Decisões judiciais e economia

Demétrio Giannakos
O Código de Processo Civil, em seu artigo 489, incisos I, II e III, prevê como elementos essenciais da sentença o relatório do processo, os fundamentos pelos quais decidiu de determinada forma e, por fim, o dispositivo, em que o juiz resolverá as questões principais que as partes lhe submetem. 
O Código de Processo Civil, em seu artigo 489, incisos I, II e III, prevê como elementos essenciais da sentença o relatório do processo, os fundamentos pelos quais decidiu de determinada forma e, por fim, o dispositivo, em que o juiz resolverá as questões principais que as partes lhe submetem. 
No entanto, como ficariam os reflexos econômicos da decisão judicial? Seriam estes relevantes no momento da tomada de decisão?
A partir dos estudos de AED, os reflexos econômicos das decisões passaram a ter um papel mais central na doutrina e, até mesmo, na legislação.

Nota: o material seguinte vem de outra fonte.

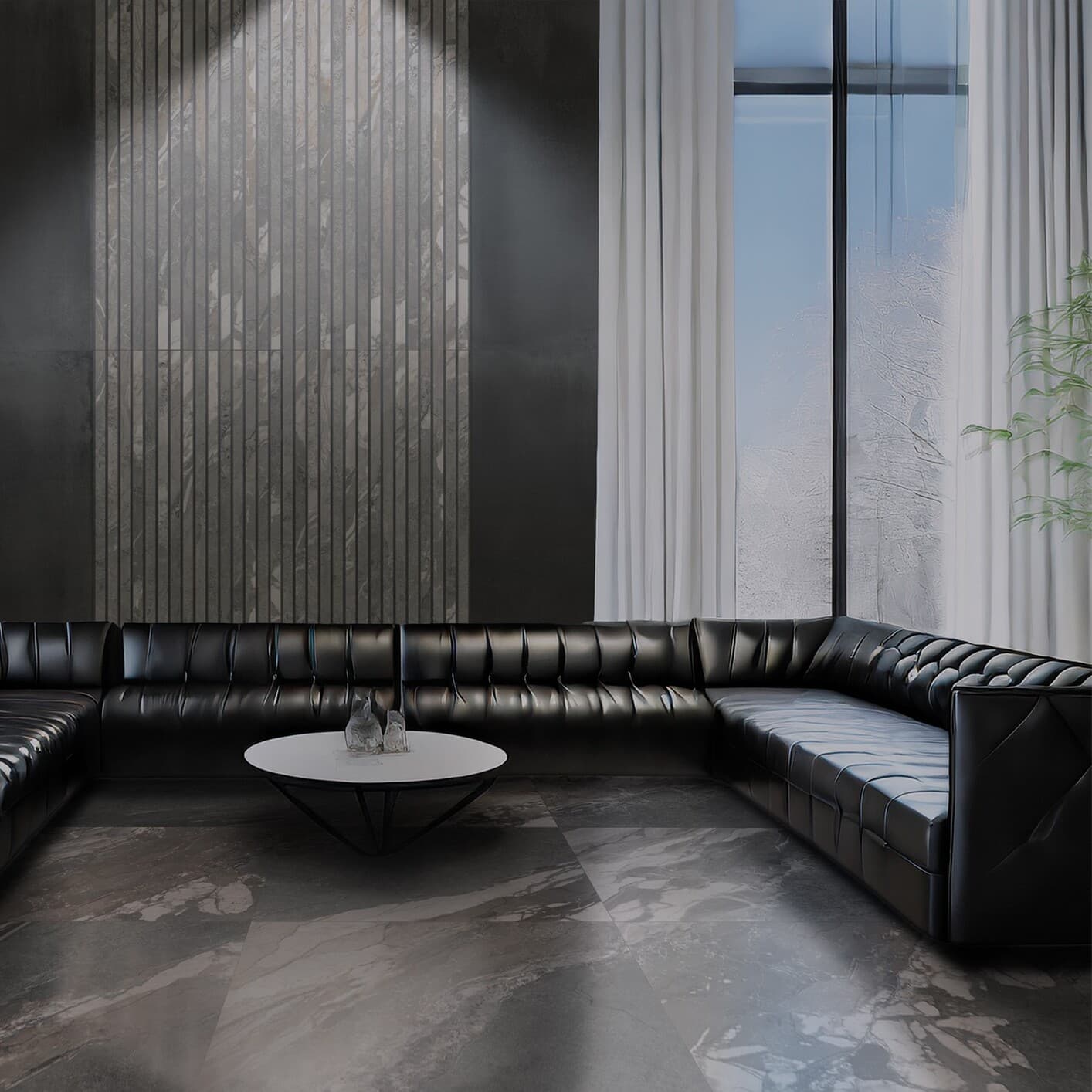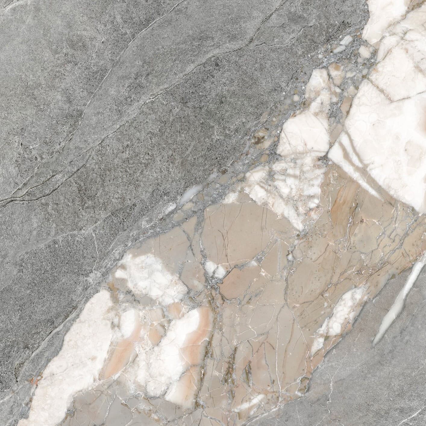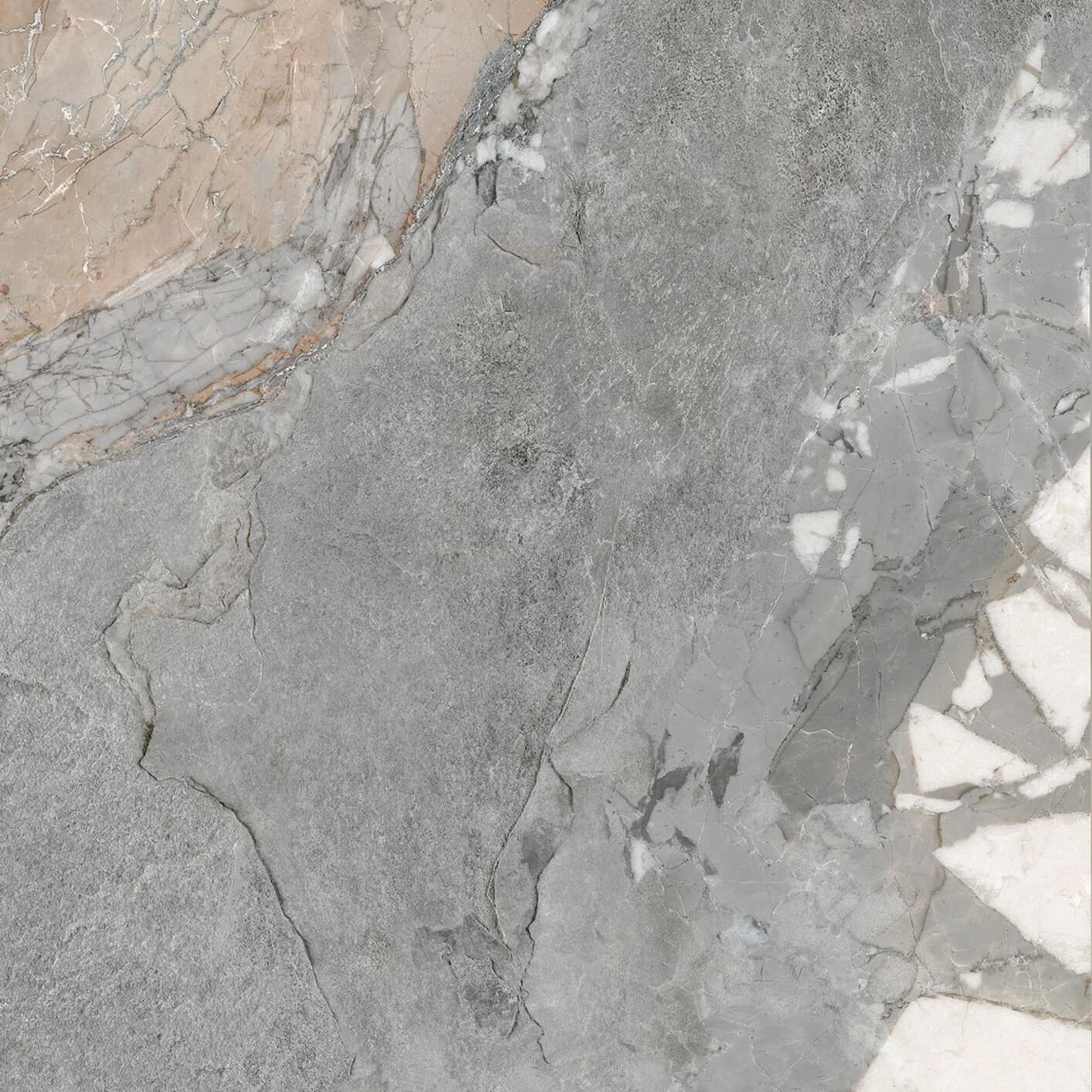 A porcelain large-format rock blend porcelain tile paired with a decorative matching tile, creating a seamless and stylish natural stone-inspired look for any space.
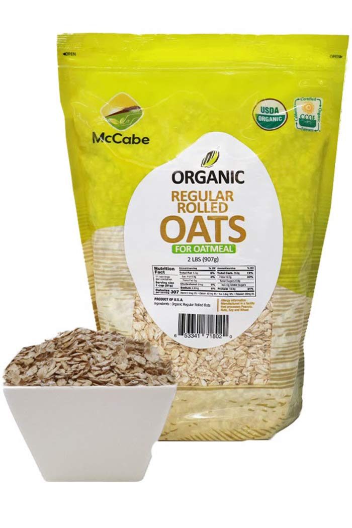 Q: What is the packaging size of McCabe Organic Regular Rolled Oats?A: McCabe Organic Regular Rolled Oats come in a 2-pound package, making it convenient for both individual and family use.
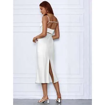 LILLUSORY Womens 2023 Summer Midi Corset Cocktail Satin Silk Slip Bustier Dresses White Graduation Beach Sexy Night Out Party Dress
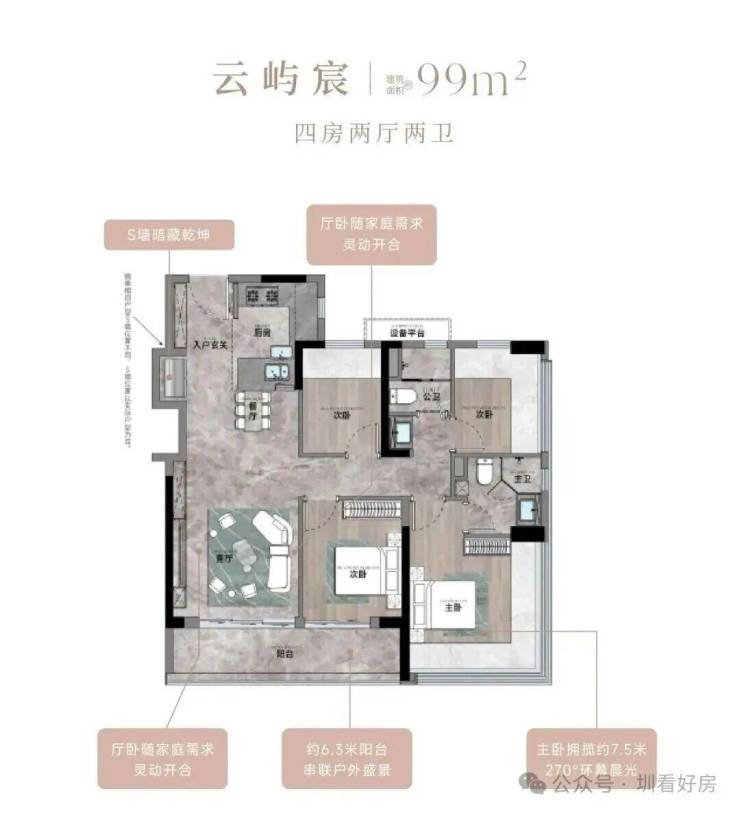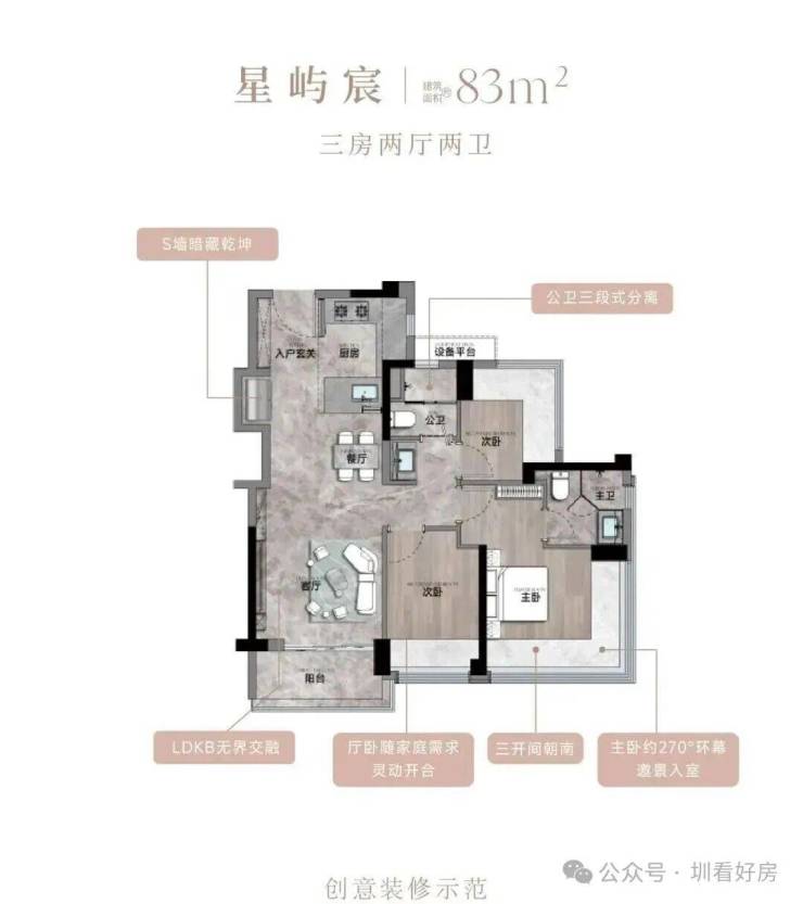 建面约83-133㎡3-4房宸式美学新著,LDKB巨幕方厅,跑道式景观阳台,小家化星级酒店主卧套房,270°环幕全景舱,客厅次卧无剪力墙灵动设计,实现超高实用率,每一户皆是颐安“超新一代作品”的匠心宣言。

Por exemplo, duas novas mudanças legislativas priorizaram, justamente, tal aspecto econômico existente nas relações modernas, quais sejam: as alterações da Lei de Introdução às Normas do Direito Brasileiro (através da Lei nº 13.655/2018) e da Lei da Liberdade Econômica (Lei nº 13.874/2019).
A primeira, com o acréscimo dos artigos 20 ao 30, tem como objetivo o aprimoramento das decisões judiciais que envolvam a administração pública. De forma objetiva e direta, a lei visou instaurar o seguinte: a análise das consequências práticas da decisão judicial. A partir dessa perspectiva, cabe ao magistrado analisar e prever os prejuízos possíveis em sua tomada de decisão, como os reflexos práticos para as partes envolvidas no processo judicial.
A segunda, possui aplicação direta e prática nas relações empresariais privadas, no momento em que privilegia a manutenção das relações privadas contratuais, com intuito de evitar a alteração ou rescisão contratual por parte do Poder Judiciário e, consequentemente, atribuir às partes e/ou até mesmo a terceiros um risco e um custo não contabilizado no momento do início da relação contratual.
Alguns tribunais já têm aplicado em suas decisões a AED, como no julgamento do REsp 1163283/RS, ao enaltecer a segurança e previsibilidade nas operações econômicas; e o Recurso de Apelação nº 70076807817, do Tribunal de Justiça do Rio Grande do Sul, ao aplicar conceitos da AED à situação de interrupção de fornecimento de energia elétrica aos fumicultores.
Portanto, a partir da evolução da doutrina, bem como pela crescente preocupação das decisões judiciais em atentar para os reflexos econômicos, pode-se afirmar, com certeza, que os reflexos econômicos das decisões são elementos fundamentais a serem analisados pelo juiz.